I have trouble believing that profile result. In this code
16 for (int x = 1; x < w + 1; x++, pg++, ps += n_bins, psu += n_bins) {
17 s += *pg;
18 *ps = *psu + s;
19 }
it says the lion's share of time is on line 18, very little on 17, and next to nothing on line 16.
Yet it is also doing a comparison, two increments, and three adds on every iteration.
Cache-misses might explain it, but there's no harm in double-checking, which I do with this technique.

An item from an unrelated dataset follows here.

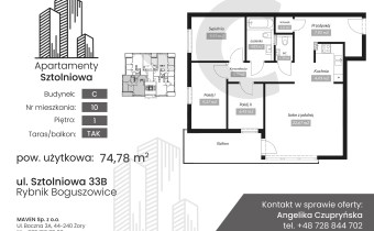 Prezentowane mieszkanie o powierzchni 74,78 m² składa się z czterech pokoi, kuchni częściowo otwartej na salon, łazienki, wc, schowka/garderoby, oraz przedpokoju (podglądowy rzut mieszkania znajduje się w galerii zdjęć). Nieruchomość usytuowana jest na 1 piętrze i posiada balkon stanowiący dodatkową przestrzeń do wypoczynku.

Regardless, the loop could be unrolled, for example:
int x = w;
while(x >= 4){
s += pg[0];
ps[n_bins*0] = psu[n_bins*0] + s;
s += pg[1];
ps[n_bins*1] = psu[n_bins*1] + s;
s += pg[2];
ps[n_bins*2] = psu[n_bins*2] + s;
s += pg[3];
ps[n_bins*3] = psu[n_bins*3] + s;
x -= 4;
pg += 4;
ps += n_bins*4;
psu += n_bins*4;
}
for(; --x >= 0;){
s += *pg;
*ps = *psu + s;
pg++;
ps += n_bins;
psu += n_bins;
}
If n_bins
happens to be a constant, this could enable the compiler to do some more optimizing of the code in the while
loop.